DATA RECORDS:
+-------+

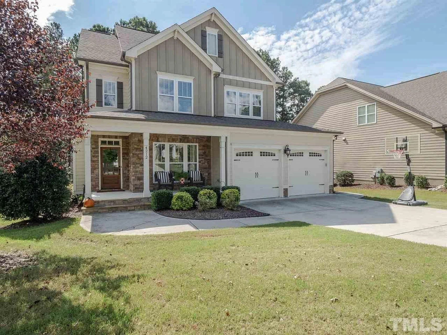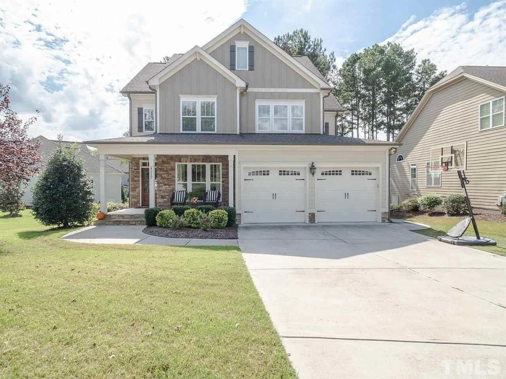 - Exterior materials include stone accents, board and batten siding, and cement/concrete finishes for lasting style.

+-------+

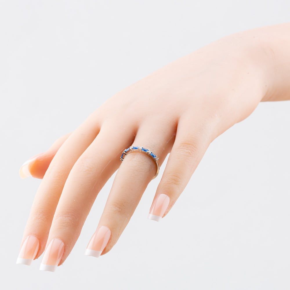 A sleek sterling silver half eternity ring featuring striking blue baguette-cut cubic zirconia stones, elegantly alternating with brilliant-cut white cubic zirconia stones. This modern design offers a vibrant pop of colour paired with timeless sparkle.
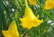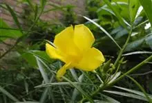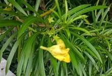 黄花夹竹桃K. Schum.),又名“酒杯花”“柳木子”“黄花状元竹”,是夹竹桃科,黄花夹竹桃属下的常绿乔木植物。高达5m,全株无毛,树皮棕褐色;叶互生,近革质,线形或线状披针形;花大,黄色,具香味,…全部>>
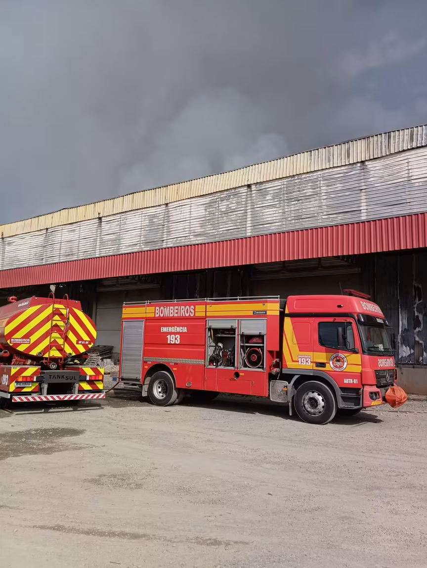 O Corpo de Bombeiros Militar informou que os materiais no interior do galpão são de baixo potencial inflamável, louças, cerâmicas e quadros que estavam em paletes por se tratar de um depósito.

+-------+

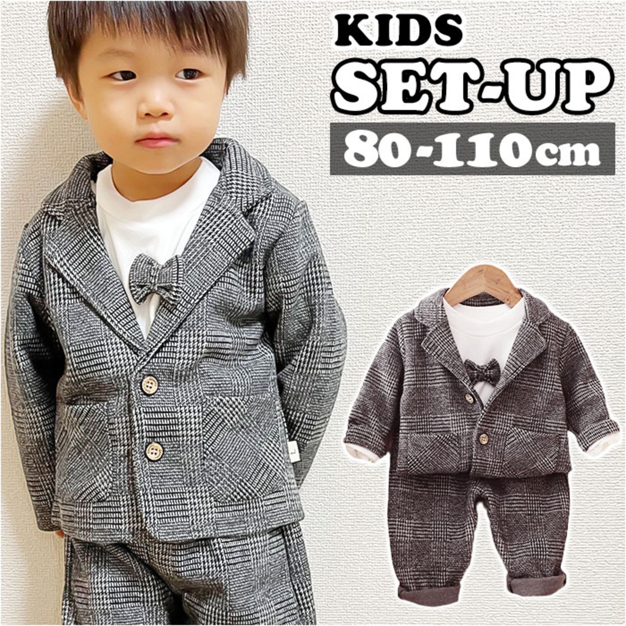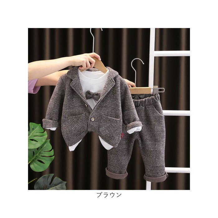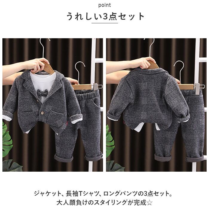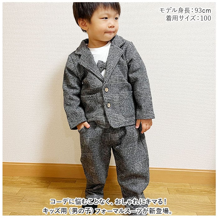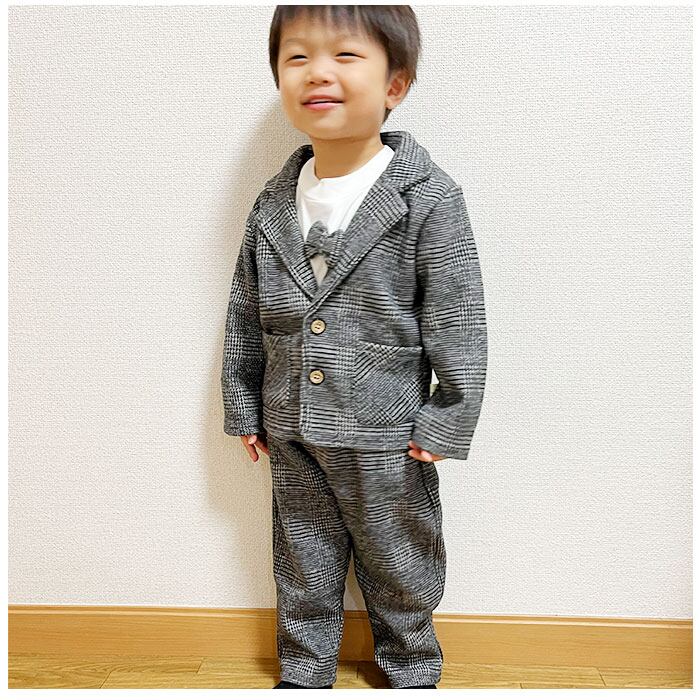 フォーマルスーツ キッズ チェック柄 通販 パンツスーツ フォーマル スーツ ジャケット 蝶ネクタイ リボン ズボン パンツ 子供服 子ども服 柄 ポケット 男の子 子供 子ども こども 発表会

+-------+

WHAT THE TASK REQUIRES:
A clean copy is needed of the lines in the listing above from the one with "黄花夹竹桃K. Schum." through the one with "O Corpo de Bombeiros", exact in every word and free of pictures.

RESULT:
 黄花夹竹桃K. Schum.),又名“酒杯花”“柳木子”“黄花状元竹”,是夹竹桃科,黄花夹竹桃属下的常绿乔木植物。高达5m,全株无毛,树皮棕褐色;叶互生,近革质,线形或线状披针形;花大,黄色,具香味,…全部>>
 O Corpo de Bombeiros Militar informou que os materiais no interior do galpão são de baixo potencial inflamável, louças, cerâmicas e quadros que estavam em paletes por se tratar de um depósito.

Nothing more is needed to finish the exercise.